A substantial uncertainty is involved in determining exact values for the material properties of brain tissue, and consequently the reported estimates of material parameters are quite divergent36. In addition, medication, radiation, and other factors related to the surgical procedure may significantly change the material parameters. Because the literature reports divergent values for the material parameters, most authors make more or less qualified guesses as for the values of these parameters. We have recently introduced a probabilistic registration framework37 where, instead of using point-estimates for the material parameters, we modeled them with broad prior distributions and jointly estimated the posterior distribution over deformations and the material parameters. We showed that we could accurately recover the deformation and also recover plausible material parameters for CSF, and grey and white matter.

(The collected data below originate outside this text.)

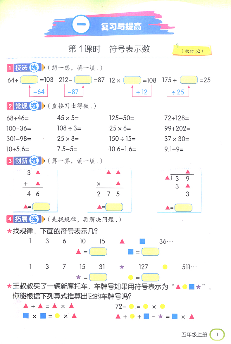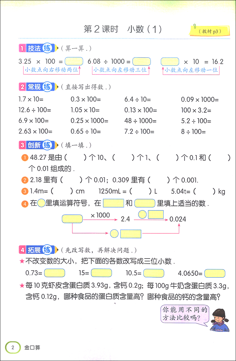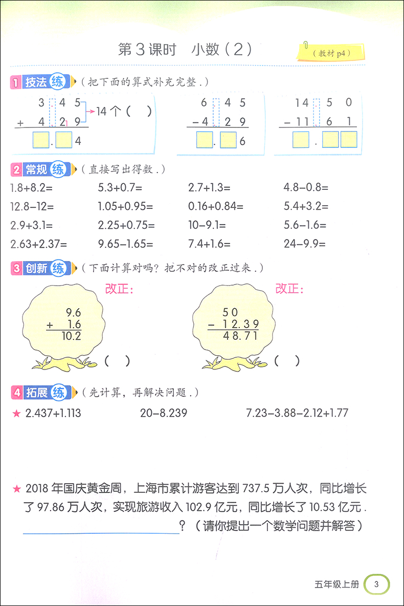 2019金口算阶梯小练习 五年级上册/5年级第一学期 沪教版 含答案 钟书金牌 小学数学口算速算练习册 上海大学出版社
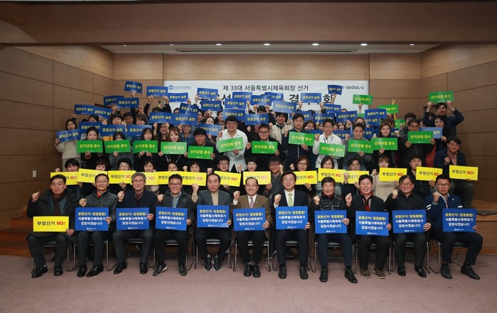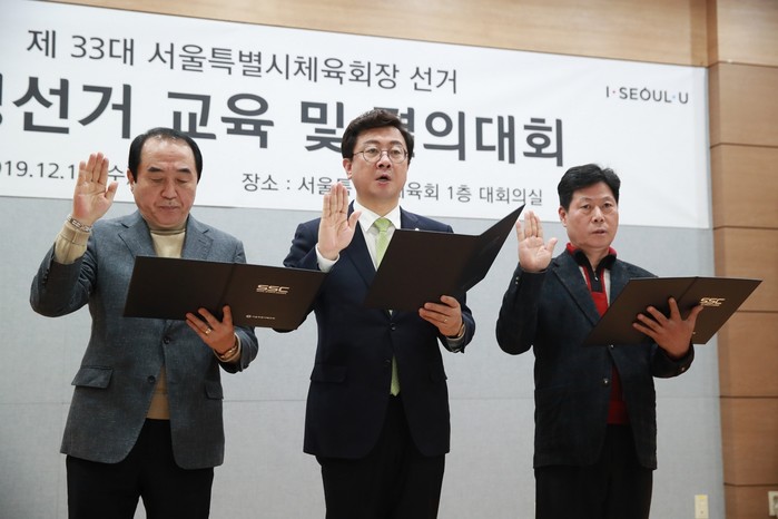 서울특별시체육회(회장 박원순)가 11일 서울시체육회 1층 대회의실에서 본회 및 회원단체 관계자를 대상으로 공정하고 투명한 선거문화 조성을 위한 공정선거 교육 및 결의대회를 개최했다.
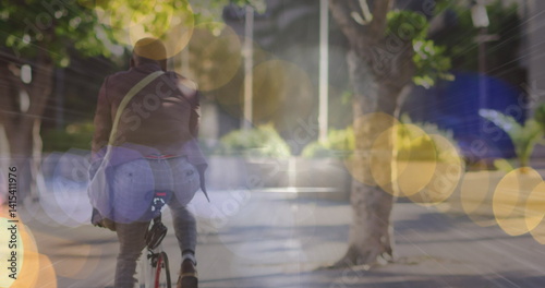 Naklejka premium Image of glowing lights over african american businessman cycling in city
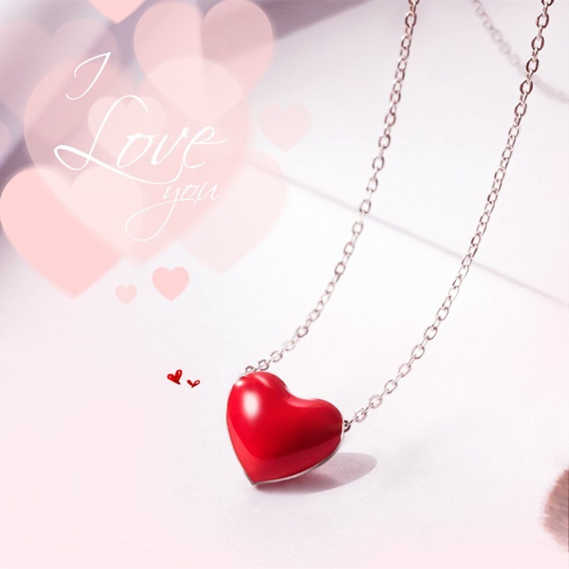Sterling Silver Pendants Forever Lover Enamel Heart Pendant Necklace 16"(Extend 5cm)
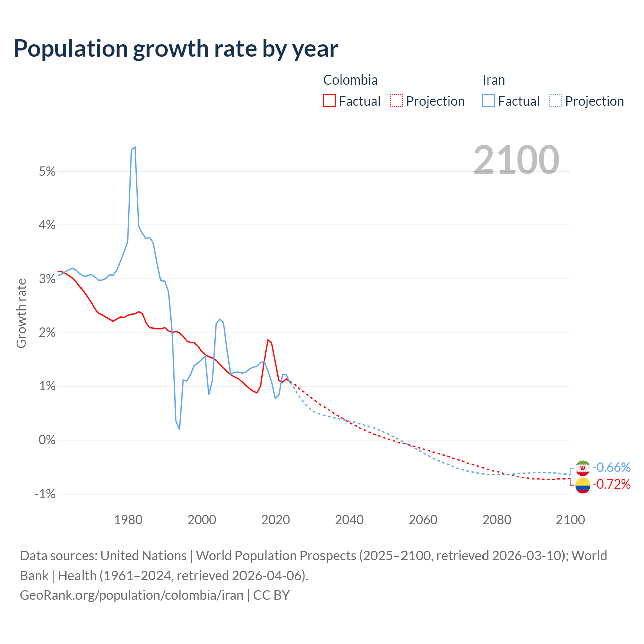 - For the last 10 years, Colombia has had an average growth rate of +1.25% per year vs +1.19% in Iran.
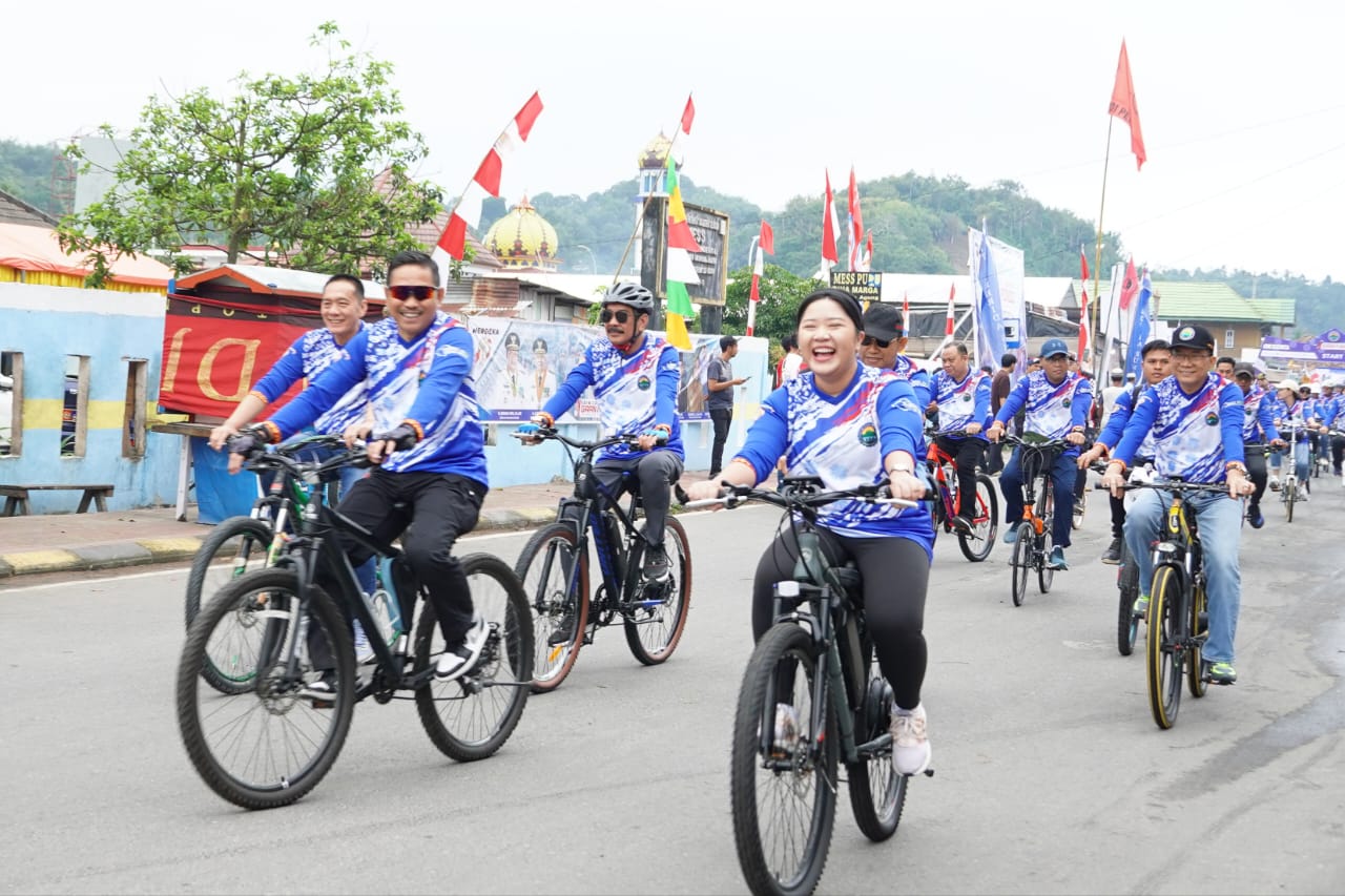 OKU SELATAN, Halosumsel- Event Tahunan  Sriwijaya Ranau Gran Fondo (SRGF)  2023  kembali digelar di pelataran Danau Ranau Kecamatan Banding Agung Kabupaten Ogan Komering Ulu (OKU) Selatan  ditandai dengan pengibaran bendera start oleh Gubernur Sumatera Selatan (Sumsel) H Herman Deru sekitar pukul 07.00 Wib, Sabtu (19/8) pagi.
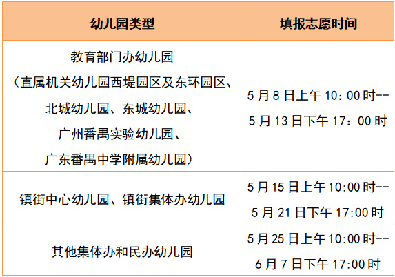 教育部门办幼儿园采取网上报名(含PC端和移动端)的方式进行,其中番禺区户籍适龄子女报名时间为5月8日10:00—5月13日17:00;政策性照顾人员子女报名时间为5月8日10:00—5月12日17:00;番禺区直属机关幼儿园、广东番禺中学附属幼儿园除上述情况外,符合其他报读条件的,填报志愿时间为5月8日10:00至5月12日17:00。

Modeling Resection and Retraction
When a tumor is located deep in the brain, it is necessary to retract brain tissue to create an access channel to the tumor. This is commonly performed by making an incision in the brain tissue down to the tumor, inserting a device called a retractor, and pulling the brain tissue apart to leave an open space through which the surgeon can resect the tumor. Most intra-operative images are acquired some time after the start of the resection, either to check that all tumor tissue has been resected, or to confirm that important functional or structural areas are not compromised. Because of the resected, or “missing”, tissue, there is no longer a one-to-one (bijective) correspondence between the pre- and intra-operative anatomy. Consequently, a discontinuous and non-bijective deformation model is required to capture the motion of the brain tissue10.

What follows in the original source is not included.